Die neueste Entwicklung ist ein patentiertes Konzept, der Intra Precision Sprayer, der direkt und hochpräzise auf die Klaue sprüht. Die Lasertechnik ist dabei mittlerweile so weit entwickelt, dass präzise erkannt werden kann, wo Spray aufgetragen werden muss. Die Vorteile hinsichtlich der Anwendungssauberkeit und der Verbrauchsmenge liegen auf der Hand. „Wir benötigen zukünftig nur noch etwa 10 bis 20 Prozent der Menge und stellen sicher, dass diese zu 90 Prozent an der richtigen Stelle ankommt, genau dort also, wo sie benötigt wird“, fährt Spackler fort. Der geringere Verbrauch fördert sowohl die Wirtschaftlichkeit als auch die Nachhaltigkeit der Betriebe. Das Spot-Spray-System wird entweder am Roboter oder am Karussell angebracht und sorgt je nach Programmierung ein- bis zweimal pro Woche für eine präventive Maßnahme zur Förderung gesunder Klauen, welche automatisch und konsequent durchgeführt wird. Anlässlich der diesjährigen Eurotier war das Spot-Spraying übrigens als Kandidat für einen Innovationspreis nominiert. Ein weiteres interessantes Produkt im Angebot ist der Intra Eco Tape. Dabei handelt es sich um einen Verband mit guten Dehn-, Klebe- und Abzieheigenschaften, das jedoch zu 95 Prozent abbaubar und damit besonders umweltfreundlich ist.

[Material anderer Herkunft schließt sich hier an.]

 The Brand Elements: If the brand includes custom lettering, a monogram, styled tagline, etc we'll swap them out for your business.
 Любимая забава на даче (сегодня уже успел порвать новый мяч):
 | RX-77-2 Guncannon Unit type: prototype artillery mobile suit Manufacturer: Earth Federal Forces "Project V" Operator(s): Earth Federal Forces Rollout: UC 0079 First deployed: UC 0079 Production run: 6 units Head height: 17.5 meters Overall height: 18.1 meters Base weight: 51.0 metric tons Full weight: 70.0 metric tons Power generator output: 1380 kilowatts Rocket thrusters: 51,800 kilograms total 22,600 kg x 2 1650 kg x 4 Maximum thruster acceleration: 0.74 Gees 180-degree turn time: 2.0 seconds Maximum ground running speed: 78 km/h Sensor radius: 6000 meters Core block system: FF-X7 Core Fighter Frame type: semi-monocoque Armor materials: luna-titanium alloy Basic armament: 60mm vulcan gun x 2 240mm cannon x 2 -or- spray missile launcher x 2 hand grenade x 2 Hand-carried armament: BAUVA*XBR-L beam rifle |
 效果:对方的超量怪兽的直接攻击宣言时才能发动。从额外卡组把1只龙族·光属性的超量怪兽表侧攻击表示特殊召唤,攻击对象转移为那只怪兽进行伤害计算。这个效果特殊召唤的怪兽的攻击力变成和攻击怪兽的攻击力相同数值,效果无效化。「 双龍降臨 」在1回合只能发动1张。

UMWELT- UND BENUTZERFREUNDLICH
Die französische Unternehmensgruppe Kersia bietet über ihr Tochterunternehmen AgroChem USA ebenfalls zahlreiche Klauenpflegeprodukte an. „Wir haben eine Vielzahl von chemischen Lösungen für landwirtschaftliche Betriebe, unter anderem für Hygiene, Futterproduktion, Euter- und Klauengesundheit. Letztere sind unter der Produktlinie Healmax® eingegliedert und bieten den Milchviehhaltern vielfältige Anwendungsmöglichkeiten“, erläutert Todd Raymond, Sales Manager bei AgroChem USA. Das Ziel der Produktlinie ist eine hohe Wirksamkeit kombiniert mit maximaler Umwelt- und Benutzerfreundlichkeit, um Klauenerkrankungen wie Digital Dermatitis im Griff zu haben. „Für Klauenbäder haben wir beispielsweise ein Konzentrat entwickelt ohne Formaldehyd. Das hat gleich mehrere Vorteile, erstens ist die Anwendung sicherer für Mensch und Tier, zweitens ist die Durchführung sowohl bei warmen als auch bei kalten Temperaturen effektiv. So können wir den Kunden auch eine Lösung bieten in Regionen, wo es Restriktionen oder Verbote für den Gebrauch von Produkten mit Formaldehyd gibt“, fährt Raymond fort. Um eine konsequente Durchführung des Klauenbads zu gewährleisten bietet AgroChem zudem ein automatisches Dosierungssystem an. Dieses hilft dabei, menschliche Fehler zu vermeiden und sorgt dafür, dass Klauenbäder auch in stressigen Arbeitsphasen stattfinden. Die Präventionsmaßnahmen bei den laktierenden Kühen werden oft noch planmäßig eingehalten, die Rinder und Trockensteher werden jedoch aus diversen Gründen oft vernachlässigt. Deshalb hat AgroChem den Healmax® Foam entwickelt. Dieser Schaum kann einfach auf die Klauen aufgetragen werden, während die Tiere im Fressgitter fixiert sind. Das ermöglicht es den Betrieben, die Prävention in allen Gruppen durchzuführen, ohne dass dafür in jedem Stall ein Klauenbad zur Verfügung stehen muss oder die Tiere über weite Strecken umgetrieben werden müssen.